Scientists Urge Conversion of Ships into Military Bases to Protect Territorial Waters

22 Oktober 2015

Malaysia's seabase (photo : Hishamuddin, BAreport)

VietNamNet Bridge - Upgrading ships and turning them into mobile military bases, which Malaysia is doing, is within Vietnamese reach, scientists say.

Malaysia announced it has successfully turned over a transport vessel into a mobile military base, which can operate for a long time on the open sea.

Malaysian media reported that the vessel is Tun Azizan, a civil transport ship, which has been converted into a military base by order of the Malaysian navy.

Tun Azizan is the first mobile military base in South East Asia. It now can contain 99 people and provide necessary facilities, including accommodation, food storage, clothes washing room, a communication & operation room, electricity system, air conditioners, clean water and military infrastructure items.

Commenting about the move, Vietnamese maritime experts said this could also be implemented by Vietnam. They stressed that Vietnam has many things available to do this.

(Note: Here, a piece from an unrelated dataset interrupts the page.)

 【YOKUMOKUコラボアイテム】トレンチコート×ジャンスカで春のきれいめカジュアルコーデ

Regarding technical issues, Do Thai Binh, deputy chair of the Vietnam Shipbuilding Science Association, said engineers would have to re-design the ships on the basis of the original design when upgrading the ships for other purposes. 

However, this is expected to not be a complicated work because all ships have their “profiles”.

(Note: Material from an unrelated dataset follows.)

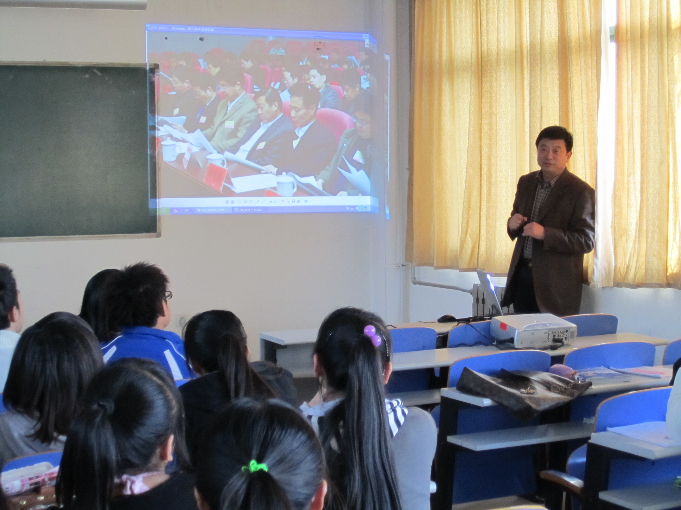 许浩老师先从浅显易懂的理论入手,为学们讲解新闻摄影,重点突出其作用、特点和优势,并与艺术摄影进行了比较,从而达到让同学们更好地理解新闻摄影的效果。针对大部分同学对相机类别及操作的疑问,许浩老师详细说明了单反相机与数码相机的区别,同时演示了持相机应有的正确姿势,纠正了错误的姿势。随后,许浩老师对如何对焦、怎样控制曝光、快门速度的选择、如何控制景深、如何构图等问题一一进行讲解,让同学们对相机的使用方法有了更深入详细的了解。许浩老师指出,抓拍要抓住动作、高潮、神态、细节、特写等,即使是小小的数码相机,只要调节适当的光圈,适当的快门速度,提防炫光的出现以及适当的改变摄距,同样可以拍出好的照片。季俊立老师针对许浩老师所讲的摄影知识,着重向同学们展示了一些实例照片,有新闻摄影照片、风景摄影照片和人物摄影照片,并进行了详细的解读,让同学们在领略美的同时学到了摄影知识。

An analyst noted that there are many ways to make profits from old ships, rather than selling them as scrap iron. In Thailand, they can be sunk to serve sea tourism, and In France, large ships are converted into sea prisons. Liaoning aircraft carrier was once an amusement park.

He thinks that turning large transport ships into maritime bases would be the best choice for Vietnam. The bases will not only serve national defence, but also help fishermen in their offshore fishing.

When asked what ships can be used for the conversion, Binh said many old ships owned by Vinashin (the Vietnam Shipbuilding Industry Group) and the large ships that Vinalines (Vietnam National Shipping Lines) plans to give as payment for its debts.

Phan Vinh Tri, a renowned navigation expert, also noted that Vietnam can take full advantage of the unused ships, including newly built ones. 

The ships will degrade rapidly if they are not put into use, and therefore, the ships’ owners are considering demolishing or selling them. However, Tri saidthey should be converted for other purposes. 

Tri thinks that it would be better to set up  “mobile islands” on the sea border area, which could be a couple of ships converted into general complexes for fishing logistics, communication, hydrometeorology, marine scientific research, search and rescue and marine police.

He has also suggested sinking old dry docks to create military bases, which the Philippines has done.